-- Task brief --
Would you please copy all of the data exactly, skipping the images?

╭─ Data for analysis

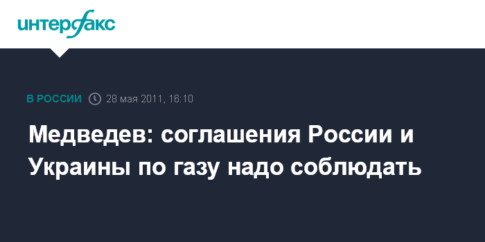 Д.Медведев заявил :"Хотел бы, чтобы Вы в будущем исходили из двух моментов". "Первый момент заключается в том, что мы должны соблюдать заключенное соглашение. Это относится и к Российской Федерации, к "Газпрому", это относится и к нашим украинским партнерам. И всякого роды призывы к односторонним мерам, каким-то пересмотрам, они должны быть наложены на ткань договоренностей. А не как иначе", - подчеркнул он.
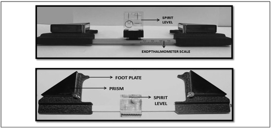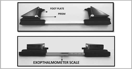 Figure 1) may vary if too much pressure was applied on the orbital rims while seating of the footplates, parallax errors may arise, the instrument relied on intact orbital rims for its placement and rotation of the instrument can occur at the horizontal axis.[
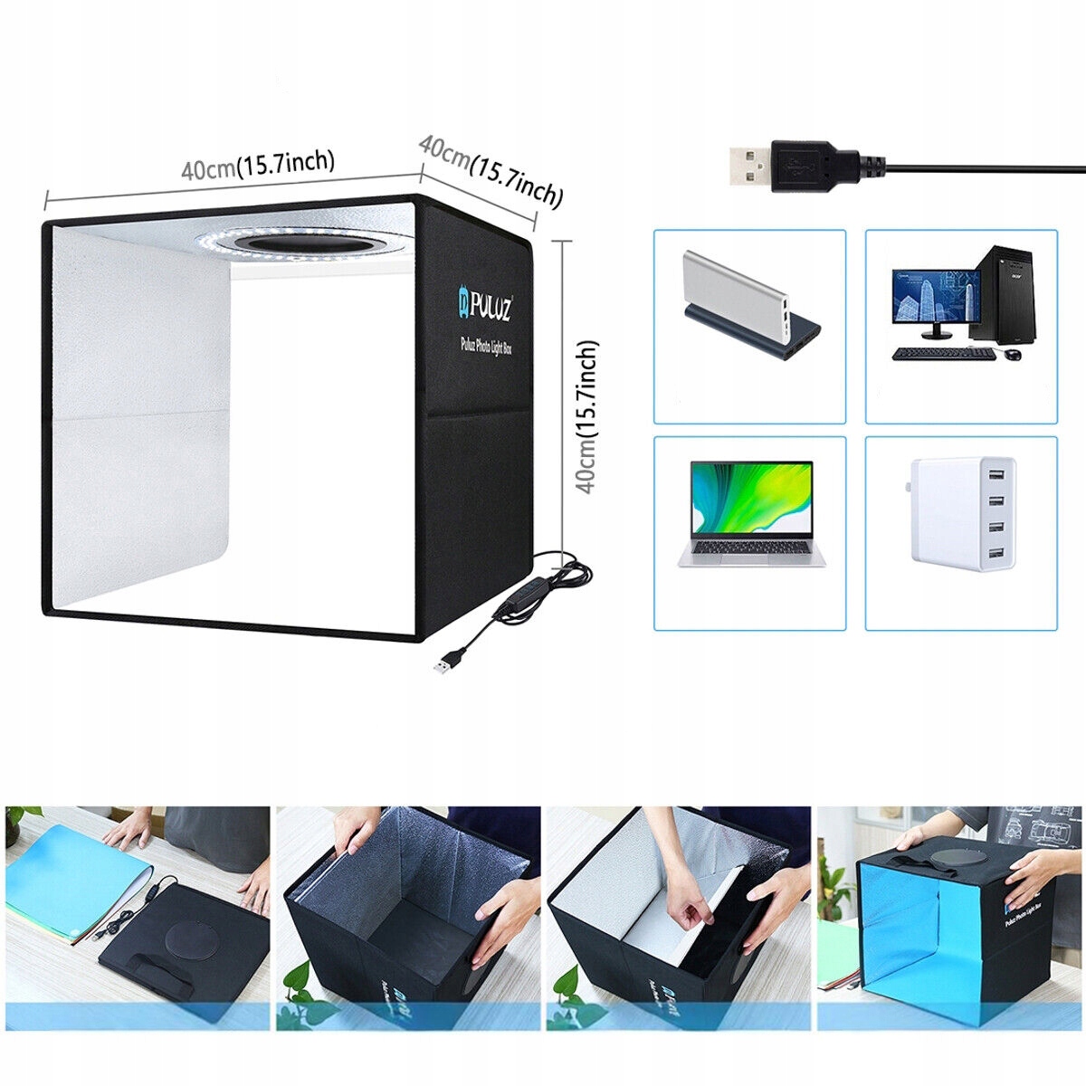 Портативний фотонабір 40x40x40 см, набір для фотостудії, коробка для фотозйомки зі світлодіодним підсвічуванням, 12 кольорів
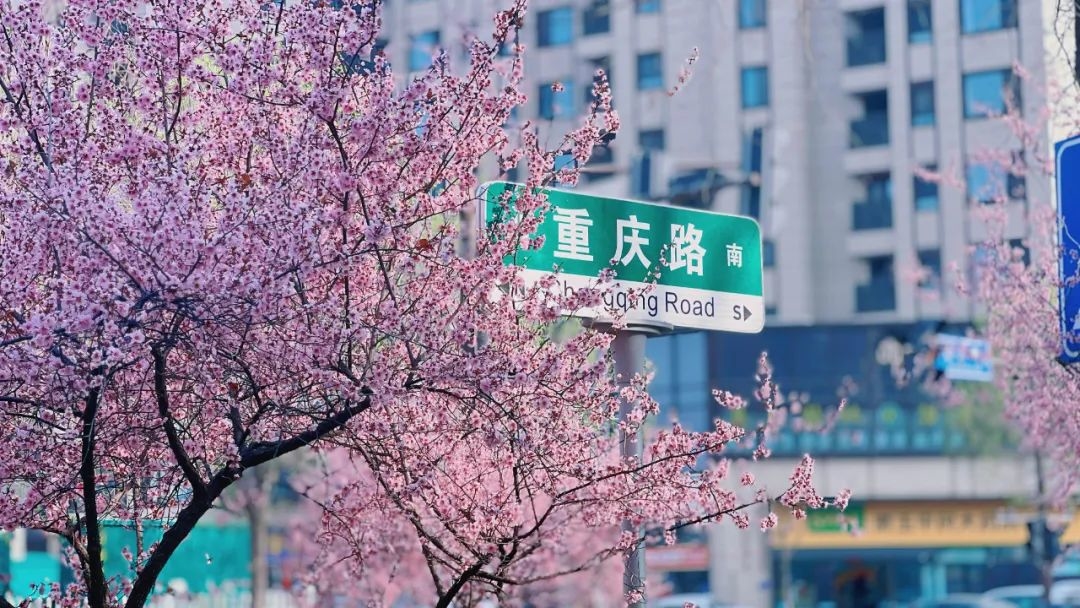 淄博街头处处春意盎然
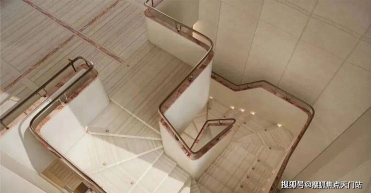 艺术旋转楼梯 进入,整块 白木纹石材切割+宝格丽粉镶边 设计的旋转楼梯,营造社区高雅氛围,步步生花。

╰─

-- Exercise answer --
 Д.Медведев заявил :"Хотел бы, чтобы Вы в будущем исходили из двух моментов". "Первый момент заключается в том, что мы должны соблюдать заключенное соглашение. Это относится и к Российской Федерации, к "Газпрому", это относится и к нашим украинским партнерам. И всякого роды призывы к односторонним мерам, каким-то пересмотрам, они должны быть наложены на ткань договоренностей. А не как иначе", - подчеркнул он.
 Figure 1) may vary if too much pressure was applied on the orbital rims while seating of the footplates, parallax errors may arise, the instrument relied on intact orbital rims for its placement and rotation of the instrument can occur at the horizontal axis.[
 Портативний фотонабір 40x40x40 см, набір для фотостудії, коробка для фотозйомки зі світлодіодним підсвічуванням, 12 кольорів
 淄博街头处处春意盎然
 艺术旋转楼梯 进入,整块 白木纹石材切割+宝格丽粉镶边 设计的旋转楼梯,营造社区高雅氛围,步步生花。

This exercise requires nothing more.